# Listed records:

<<<<

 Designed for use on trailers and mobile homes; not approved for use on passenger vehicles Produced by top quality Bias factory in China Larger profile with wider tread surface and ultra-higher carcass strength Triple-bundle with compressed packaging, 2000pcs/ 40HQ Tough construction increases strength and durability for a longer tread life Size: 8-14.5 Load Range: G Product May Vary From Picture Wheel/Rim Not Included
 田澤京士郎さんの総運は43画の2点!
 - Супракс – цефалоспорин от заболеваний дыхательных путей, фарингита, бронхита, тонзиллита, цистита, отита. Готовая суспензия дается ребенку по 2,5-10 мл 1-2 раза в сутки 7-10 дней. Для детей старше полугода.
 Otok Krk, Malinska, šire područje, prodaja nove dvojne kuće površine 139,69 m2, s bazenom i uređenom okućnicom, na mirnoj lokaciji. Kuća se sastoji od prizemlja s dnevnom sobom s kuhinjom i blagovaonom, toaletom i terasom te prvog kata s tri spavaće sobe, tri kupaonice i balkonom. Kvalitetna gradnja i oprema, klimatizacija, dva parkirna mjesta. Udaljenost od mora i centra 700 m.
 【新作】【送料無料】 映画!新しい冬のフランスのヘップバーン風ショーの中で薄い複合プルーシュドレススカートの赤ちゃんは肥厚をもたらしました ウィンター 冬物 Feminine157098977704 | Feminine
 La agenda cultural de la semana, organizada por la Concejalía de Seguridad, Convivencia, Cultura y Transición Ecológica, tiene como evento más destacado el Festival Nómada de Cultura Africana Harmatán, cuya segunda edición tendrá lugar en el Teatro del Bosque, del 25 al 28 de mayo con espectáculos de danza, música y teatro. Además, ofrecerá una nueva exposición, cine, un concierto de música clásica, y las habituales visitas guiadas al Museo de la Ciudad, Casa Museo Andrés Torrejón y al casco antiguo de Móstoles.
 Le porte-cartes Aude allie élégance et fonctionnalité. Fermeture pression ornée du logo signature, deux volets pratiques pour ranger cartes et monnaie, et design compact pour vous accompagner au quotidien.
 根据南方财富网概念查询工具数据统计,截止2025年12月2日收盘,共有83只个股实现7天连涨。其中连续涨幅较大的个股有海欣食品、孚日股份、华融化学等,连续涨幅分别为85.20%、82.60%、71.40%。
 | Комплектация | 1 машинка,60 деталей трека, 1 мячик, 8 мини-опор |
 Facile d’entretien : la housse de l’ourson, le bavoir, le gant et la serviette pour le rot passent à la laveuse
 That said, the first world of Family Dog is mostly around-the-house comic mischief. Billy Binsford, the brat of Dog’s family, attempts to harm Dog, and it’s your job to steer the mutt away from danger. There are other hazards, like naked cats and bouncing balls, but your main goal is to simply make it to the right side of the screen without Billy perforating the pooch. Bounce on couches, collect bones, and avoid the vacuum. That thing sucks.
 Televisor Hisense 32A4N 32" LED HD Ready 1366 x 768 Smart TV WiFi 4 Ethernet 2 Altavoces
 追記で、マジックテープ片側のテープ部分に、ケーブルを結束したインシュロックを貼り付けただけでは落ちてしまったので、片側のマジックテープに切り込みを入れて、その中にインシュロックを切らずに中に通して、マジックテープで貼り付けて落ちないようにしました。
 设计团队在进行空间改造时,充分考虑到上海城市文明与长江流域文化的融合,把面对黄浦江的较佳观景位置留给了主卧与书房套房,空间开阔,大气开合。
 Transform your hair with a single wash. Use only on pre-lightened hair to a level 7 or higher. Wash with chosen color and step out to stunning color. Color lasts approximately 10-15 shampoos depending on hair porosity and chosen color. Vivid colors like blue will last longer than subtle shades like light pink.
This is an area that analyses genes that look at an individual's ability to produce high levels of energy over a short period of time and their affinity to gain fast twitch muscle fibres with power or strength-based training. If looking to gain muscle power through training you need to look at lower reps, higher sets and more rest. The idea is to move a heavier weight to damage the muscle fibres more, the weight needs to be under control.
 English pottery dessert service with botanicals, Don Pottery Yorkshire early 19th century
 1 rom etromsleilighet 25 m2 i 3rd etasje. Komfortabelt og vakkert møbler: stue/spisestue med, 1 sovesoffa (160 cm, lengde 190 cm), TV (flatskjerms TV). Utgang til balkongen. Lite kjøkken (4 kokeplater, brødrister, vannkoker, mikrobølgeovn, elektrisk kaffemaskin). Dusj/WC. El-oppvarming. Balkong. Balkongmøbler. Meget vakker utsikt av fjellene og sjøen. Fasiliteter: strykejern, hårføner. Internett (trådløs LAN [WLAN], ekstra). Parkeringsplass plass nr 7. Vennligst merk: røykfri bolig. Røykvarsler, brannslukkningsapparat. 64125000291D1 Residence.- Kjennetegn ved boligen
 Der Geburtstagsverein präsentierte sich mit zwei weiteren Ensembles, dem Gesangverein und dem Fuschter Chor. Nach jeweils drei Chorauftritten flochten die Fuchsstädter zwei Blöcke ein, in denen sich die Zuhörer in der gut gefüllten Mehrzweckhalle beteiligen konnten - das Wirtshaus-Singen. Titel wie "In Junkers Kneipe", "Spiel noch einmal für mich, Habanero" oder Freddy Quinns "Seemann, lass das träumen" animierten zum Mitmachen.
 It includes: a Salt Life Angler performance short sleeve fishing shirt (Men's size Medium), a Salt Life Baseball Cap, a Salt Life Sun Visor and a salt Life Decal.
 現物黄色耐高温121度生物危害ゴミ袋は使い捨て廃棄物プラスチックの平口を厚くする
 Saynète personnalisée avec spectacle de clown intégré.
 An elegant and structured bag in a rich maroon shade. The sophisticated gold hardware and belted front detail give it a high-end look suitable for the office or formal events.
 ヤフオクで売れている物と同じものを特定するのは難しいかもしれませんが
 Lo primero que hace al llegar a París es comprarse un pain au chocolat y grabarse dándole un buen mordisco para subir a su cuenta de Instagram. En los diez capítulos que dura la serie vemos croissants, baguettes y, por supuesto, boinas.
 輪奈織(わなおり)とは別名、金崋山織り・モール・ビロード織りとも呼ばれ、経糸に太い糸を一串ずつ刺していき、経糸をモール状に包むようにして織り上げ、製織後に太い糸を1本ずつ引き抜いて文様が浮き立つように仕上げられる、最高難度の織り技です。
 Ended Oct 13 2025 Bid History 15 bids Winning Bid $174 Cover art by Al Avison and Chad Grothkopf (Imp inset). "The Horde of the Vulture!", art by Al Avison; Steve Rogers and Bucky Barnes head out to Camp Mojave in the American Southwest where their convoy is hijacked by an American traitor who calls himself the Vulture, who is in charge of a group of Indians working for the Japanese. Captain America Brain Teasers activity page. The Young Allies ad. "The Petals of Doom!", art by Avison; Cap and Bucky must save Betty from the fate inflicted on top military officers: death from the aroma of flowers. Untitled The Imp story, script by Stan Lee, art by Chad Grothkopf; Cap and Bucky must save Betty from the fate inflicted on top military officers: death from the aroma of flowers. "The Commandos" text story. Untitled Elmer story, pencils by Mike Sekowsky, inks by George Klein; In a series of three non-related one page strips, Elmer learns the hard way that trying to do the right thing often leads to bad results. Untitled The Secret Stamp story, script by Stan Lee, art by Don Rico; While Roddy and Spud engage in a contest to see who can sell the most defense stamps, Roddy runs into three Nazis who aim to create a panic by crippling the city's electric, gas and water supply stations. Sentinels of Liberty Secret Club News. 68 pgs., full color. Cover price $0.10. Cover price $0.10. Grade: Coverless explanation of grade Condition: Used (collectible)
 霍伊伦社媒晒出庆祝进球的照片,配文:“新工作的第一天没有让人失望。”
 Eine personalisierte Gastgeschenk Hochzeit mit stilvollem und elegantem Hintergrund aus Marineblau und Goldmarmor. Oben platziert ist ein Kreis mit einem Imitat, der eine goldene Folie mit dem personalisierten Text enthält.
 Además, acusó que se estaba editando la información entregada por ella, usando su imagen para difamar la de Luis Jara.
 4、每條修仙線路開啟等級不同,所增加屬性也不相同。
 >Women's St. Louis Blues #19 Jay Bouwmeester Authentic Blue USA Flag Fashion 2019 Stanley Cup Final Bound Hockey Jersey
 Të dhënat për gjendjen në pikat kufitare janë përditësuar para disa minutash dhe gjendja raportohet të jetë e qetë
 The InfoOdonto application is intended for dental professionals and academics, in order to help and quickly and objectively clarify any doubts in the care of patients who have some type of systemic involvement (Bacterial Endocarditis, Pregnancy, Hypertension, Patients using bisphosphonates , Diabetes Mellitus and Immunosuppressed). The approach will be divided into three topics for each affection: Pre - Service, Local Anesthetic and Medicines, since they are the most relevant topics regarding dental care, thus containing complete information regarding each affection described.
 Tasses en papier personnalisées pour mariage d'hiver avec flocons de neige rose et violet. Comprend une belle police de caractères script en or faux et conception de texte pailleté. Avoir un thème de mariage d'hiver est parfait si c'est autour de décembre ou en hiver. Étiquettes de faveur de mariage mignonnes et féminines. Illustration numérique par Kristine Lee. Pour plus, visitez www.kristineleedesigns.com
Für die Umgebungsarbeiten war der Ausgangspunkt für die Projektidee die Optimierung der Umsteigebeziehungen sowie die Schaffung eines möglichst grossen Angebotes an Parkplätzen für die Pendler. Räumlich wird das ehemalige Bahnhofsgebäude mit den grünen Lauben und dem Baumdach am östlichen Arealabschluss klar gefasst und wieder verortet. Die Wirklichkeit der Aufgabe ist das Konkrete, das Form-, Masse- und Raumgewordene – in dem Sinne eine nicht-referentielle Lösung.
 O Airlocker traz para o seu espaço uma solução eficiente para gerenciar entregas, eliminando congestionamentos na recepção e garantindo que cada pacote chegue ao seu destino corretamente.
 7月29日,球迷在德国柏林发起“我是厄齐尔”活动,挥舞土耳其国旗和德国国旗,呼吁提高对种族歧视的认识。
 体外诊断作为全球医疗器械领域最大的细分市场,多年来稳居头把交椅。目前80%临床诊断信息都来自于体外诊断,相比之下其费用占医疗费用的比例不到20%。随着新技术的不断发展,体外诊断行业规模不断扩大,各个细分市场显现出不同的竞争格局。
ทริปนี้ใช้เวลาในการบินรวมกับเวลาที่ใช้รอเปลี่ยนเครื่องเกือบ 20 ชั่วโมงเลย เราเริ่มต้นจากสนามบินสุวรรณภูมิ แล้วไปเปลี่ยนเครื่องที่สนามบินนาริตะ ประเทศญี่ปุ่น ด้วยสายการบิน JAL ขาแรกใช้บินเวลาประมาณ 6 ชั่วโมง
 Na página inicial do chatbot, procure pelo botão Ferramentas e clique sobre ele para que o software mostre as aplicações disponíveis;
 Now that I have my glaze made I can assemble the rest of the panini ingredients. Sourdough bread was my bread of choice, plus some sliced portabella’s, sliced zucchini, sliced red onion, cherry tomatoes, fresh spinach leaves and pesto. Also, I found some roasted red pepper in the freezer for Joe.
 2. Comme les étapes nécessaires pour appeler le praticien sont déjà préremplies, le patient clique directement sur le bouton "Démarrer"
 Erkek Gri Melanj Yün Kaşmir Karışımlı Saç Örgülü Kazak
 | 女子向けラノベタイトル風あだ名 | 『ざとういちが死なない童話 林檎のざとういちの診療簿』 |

>>>>

# Problem statement:
Print only what lies in the material above starting at the line with "7月29日,球迷在德国柏林发" and ending at the line with "Na página inicial", every line exactly as given.

# Exercise output:
 7月29日,球迷在德国柏林发起“我是厄齐尔”活动,挥舞土耳其国旗和德国国旗,呼吁提高对种族歧视的认识。
 体外诊断作为全球医疗器械领域最大的细分市场,多年来稳居头把交椅。目前80%临床诊断信息都来自于体外诊断,相比之下其费用占医疗费用的比例不到20%。随着新技术的不断发展,体外诊断行业规模不断扩大,各个细分市场显现出不同的竞争格局。
ทริปนี้ใช้เวลาในการบินรวมกับเวลาที่ใช้รอเปลี่ยนเครื่องเกือบ 20 ชั่วโมงเลย เราเริ่มต้นจากสนามบินสุวรรณภูมิ แล้วไปเปลี่ยนเครื่องที่สนามบินนาริตะ ประเทศญี่ปุ่น ด้วยสายการบิน JAL ขาแรกใช้บินเวลาประมาณ 6 ชั่วโมง
 Na página inicial do chatbot, procure pelo botão Ferramentas e clique sobre ele para que o software mostre as aplicações disponíveis;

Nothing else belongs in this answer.